REDEEM-electrocat: Rethinking Electrode Design - Emergent Electronic and Magnetic effects in electrocatalysis

Electrocatalysis (EC) lies at the heart of most of the emerging technologies for a sustainable future. Enormous efforts are being directed towards designing and modifying catalysts for a range of reactions relevant to fuel generation and use, energy storage, and bulk chemical production. Within EC, and the wider field of heterogeneous catalysis, catalysts achieve changes in rate, and hence selectivity, of a particular pathway through modification of the energy of adsorbed intermediates and transition states (TS) of the elementary steps along a reaction pathway.

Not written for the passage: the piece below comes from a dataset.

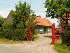 De afbeelding 'Hoeve met losse bestanddelen en meidoornhaag met twee geschoren hulstboompjes als hoekboom' gemaakt door Van der Linden, Geert wordt ter beschikking gesteld door Agentschap Onroerend Erfgoed (AOE) onder de volgende voorwaarden: Modellicentie voor gratis hergebruik, Naamsvermelding 4.0 Internationaal.
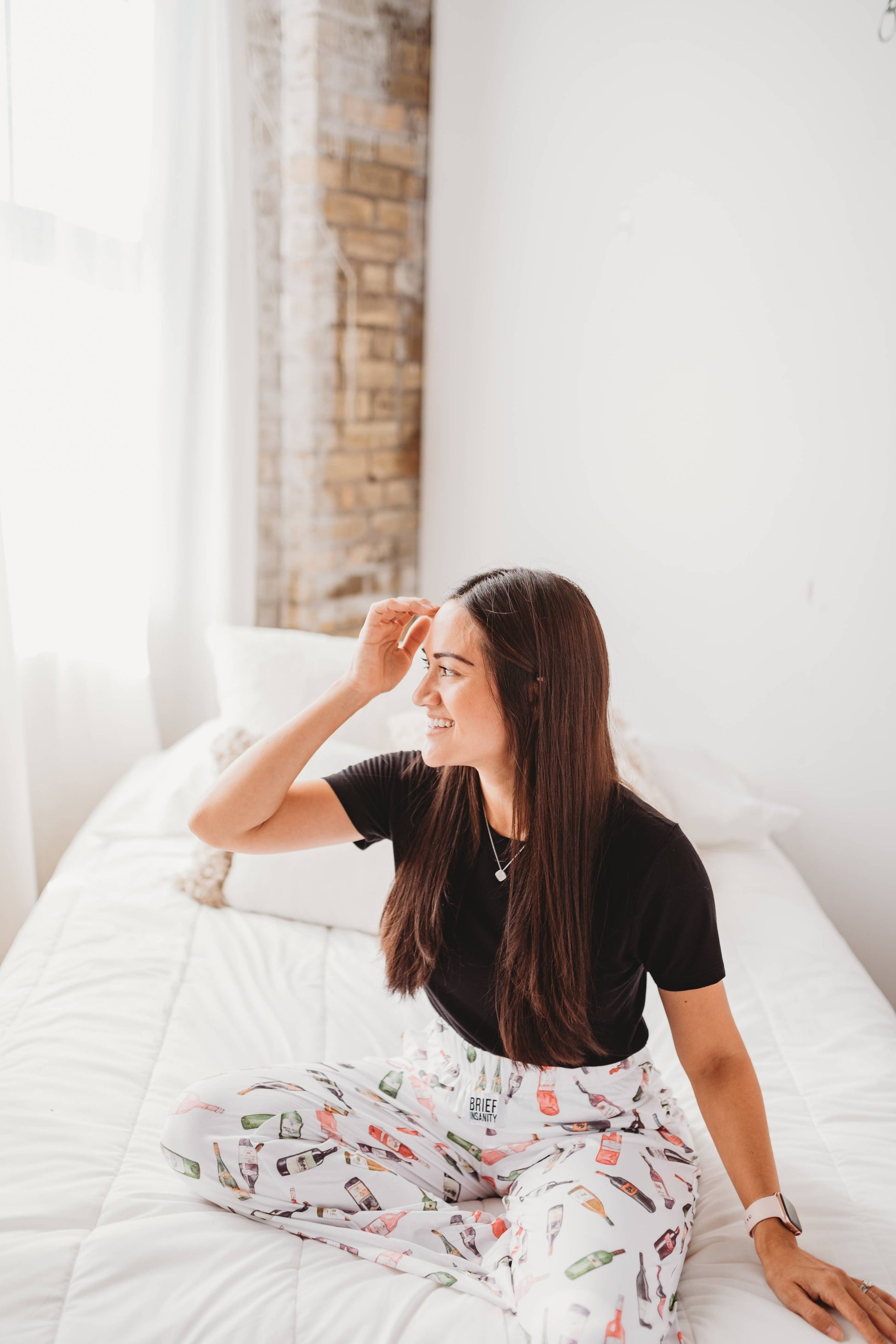 BRIEF INSANITY's Just Screw It Wine lounge pants - the perfect attire for wine lovers looking to relax and unwind in style!

Unfortunately, binding energies of intermediates and TS are usually strongly correlated. As a result, modifications in the structure or composition of the catalysts are often ineffective in breaking these correlations (scaling relationships). Reactive surfaces that bind an initial state more strongly often also bind the TS and final state more strongly too, leading to minimal change in the energy-barrier (rate) of the step.

Scaling relationships have been long known in catalysis but research in new strategies to deliberately circumvent them is far newer. Approaches are emerging in EC such as the isolated or combined use of strained structures, high dilution alloys, and ligand modified surfaces. These require a fundamental redesign of the catalysts.

Currently overlooked is the potential of in-situ generated magnetic fields to break scaling relationships for intermediates and transition states with different spin-multiplicity, which are inevitably present in multi-electron processes.

This proposal aims to explore the potential of established solutions in spintronics to generate local magnetic fields for breaking scaling relationships in EC.